In recent decades, great advances in drug development have been made with the discovery and application of new therapeutic targets [1]. However, because many diseases are complex and involve multiple target genes, a single therapy cannot cure the disease completely. Moreover, drug resistance in many cases is a major barrier to effective treatment due to the complexity of the disease. To overcome the limitations of monotherapy, combination therapy is considered a promising approach to achieving better disease control. While high-throughput screening methods can be effective in speeding up the identification of synergistic drug combinations, the increasing number of drugs every year makes it expensive and time-consuming to rely solely on experiments to determine the effect of each possible drug combination [2]. So academics have begun to use methods in the field of statistics or computers to predict the most effective combination of drugs [3].

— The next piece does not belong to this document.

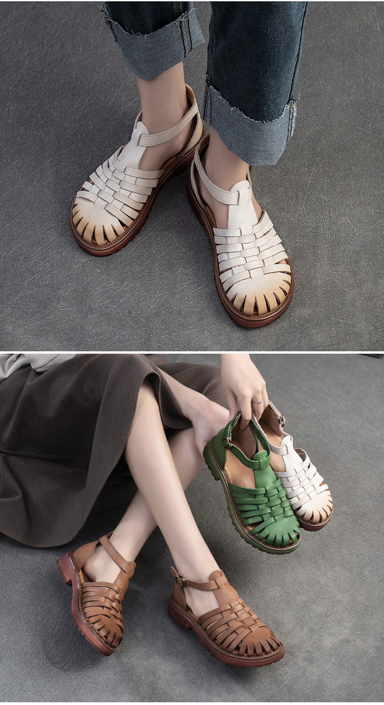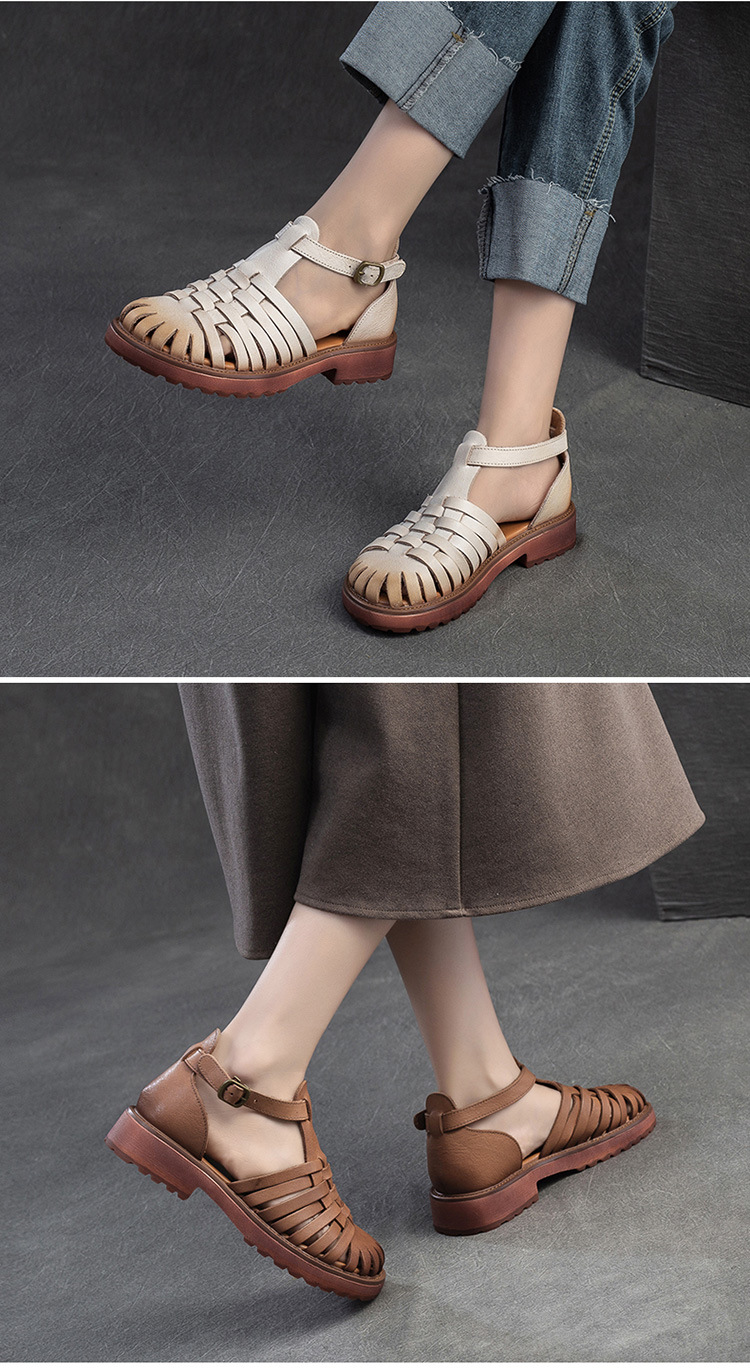 Giày sandal thiết kế kiểu dáng cổ điển châu Âu, được làm từ chất liệu da thật bền đẹp. Phần thân giày dệt lỗ thoáng khí giúp đôi chân luôn mát mẻ và khô ráo. Kiểu dáng kín mũi bảo vệ ngón chân một cách an toàn. Sản phẩm phù hợp cho những buổi dạo phố, gặp gỡ bạn bè hoặc đi làm. Cách sử dụng rất đơn giản, bạn chỉ cần qu giày và thắt chặt dây đeo là đã có ngay một set đồ hoàn chỉnh. | Tên sản phẩm: Giày Dép Sandal Nữ Chất Liệu Da Bò Thoáng Khí Hàng Mùa Hè Phục Cổ Cổ Điển - Giày Dép Nữ | Mã sản phẩm: B1983 - Giá: 1.420.000đ | Mã nhà sản xuất: SHDU-G04Hình ảnh sản phẩm

Having a complete drug combination database is the primary condition for analyzing efficacy, so some scholars have collected various existing experimental data and summarized them into the database [4, 5]. And to better help others understand the relationship between drug resistance and drug signature attributes, they also provide visualization tools for drug combinations in the database [6,7,8]. With the support of databases, various technologies began to emerge. More and more machine learning techniques-based applications had been proposed from different aspects [9,10,11,12]. For example, Julkunen et al. [13] proposed comboFM, which modeled multidirectional interactions between cell lines and dose-response matrices of two drugs. Shi et al. [14] combined one-class SVM to design a two-layer multi-class classification system integrating five types of features that can discover potential drug pairs among unknown drugs. There are also some scholars use semi-supervised heterogeneous network algorithms based on graph embedding to predict the combination patterns of drugs [15]. However, these methods based on traditional machine learning often do not achieve better prediction results. To this end, some scholars have tried to give up interpretability in exchange for improved accuracy.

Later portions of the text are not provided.